Interaction of the lipid raft-associated protein flotillin-2 with membrane cholesterol

Flotillin-2 and flotillin-1 are ubiquitously expressed proteins which are associated with sphingolipid and cholesterol-enriched membrane microdomains known as lipid rafts. Both proteins play a role in various cellular processes. Recently, an important role for flotillins in Niemann-Pick C1-like 1-mediated cholesterol uptake was unraveled, but their interaction mode with cholesterol still remains to be clarified.
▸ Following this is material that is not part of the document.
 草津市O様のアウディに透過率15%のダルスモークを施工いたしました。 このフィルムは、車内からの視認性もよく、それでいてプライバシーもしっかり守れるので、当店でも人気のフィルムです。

We have shown that flotillin-2 is linked to the plasma membrane by means of fatty acid modifications, especially myristoylation and palmitoylation. Those post translational modifications facilitate the interaction with membrane cholesterol. In addition, sequence analysis of flotillin-2 showed the existence of four putative cholesterol recognition/interaction amino acid consensus motifs (CRAC).
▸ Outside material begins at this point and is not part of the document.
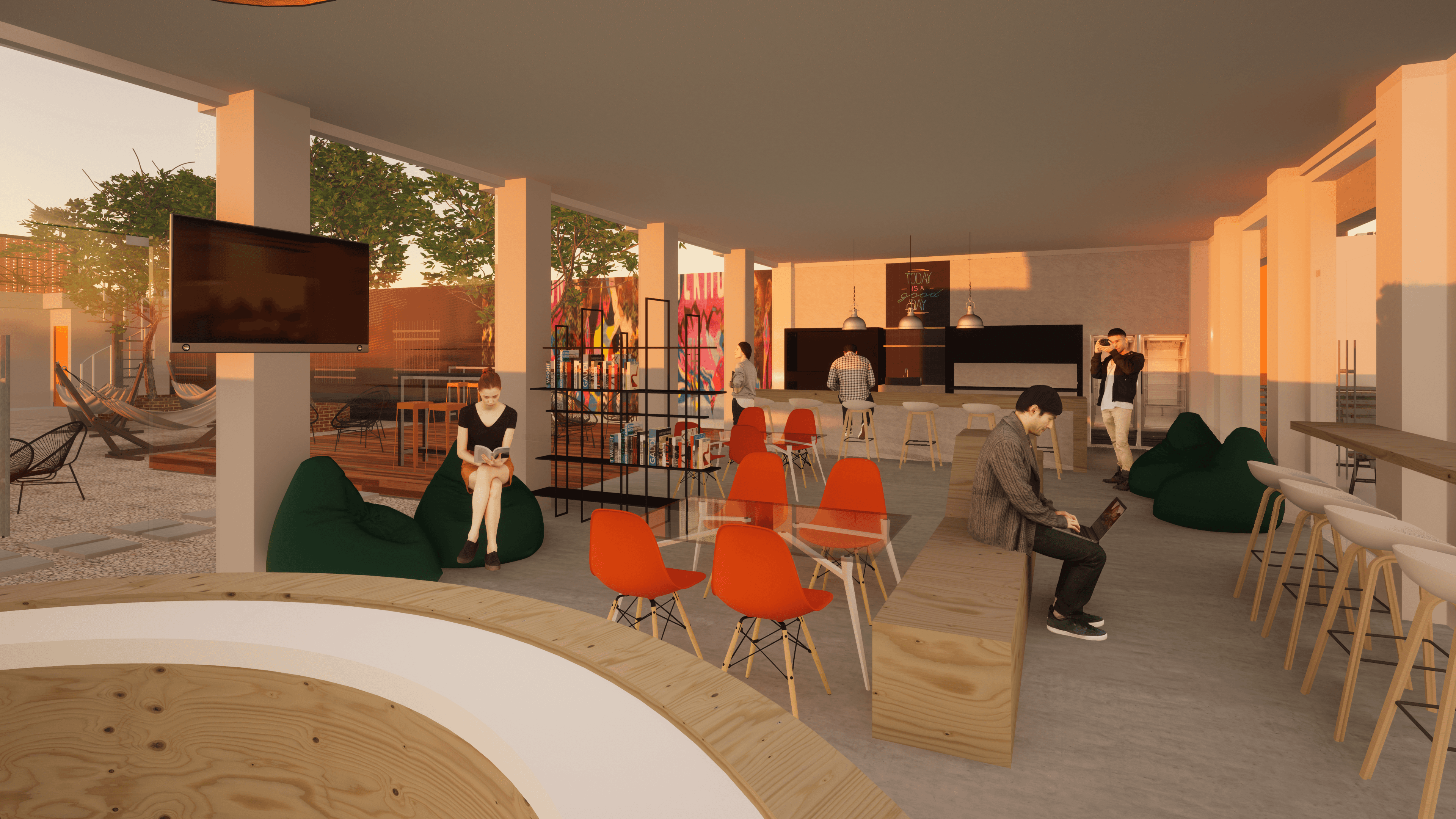 En una segunda etapa, cuándo el edificio ya estuvo a punto, intervenimos la cafetería y el patio, con la intención de dar la bienvenida a los alumnos desde un espacio abierto, acogedor y agradable.

To examine the interaction of flotillin-2 with membrane cholesterol, we produced fusion proteins and generated targeted tyrosine substitutions for the inactivation of putative CRAC-motifs. Labeling of the fusion proteins with the photoreactive cholesterol analog azocholestanol ([³H]6-azi-5α-cholestan-3β-ol) showed that flotillin-2 is able to bind cholesterol, whereas the inactivation of the putative CRAC motifs doesn’t abolish this interaction.

These results show for the first time that flotillin-2 binds to membrane cholesterol and that this interaction doesn’t solely rely on CRAC motifs. Due to that, flotillin-2 might play an active role in structuring cell membranes.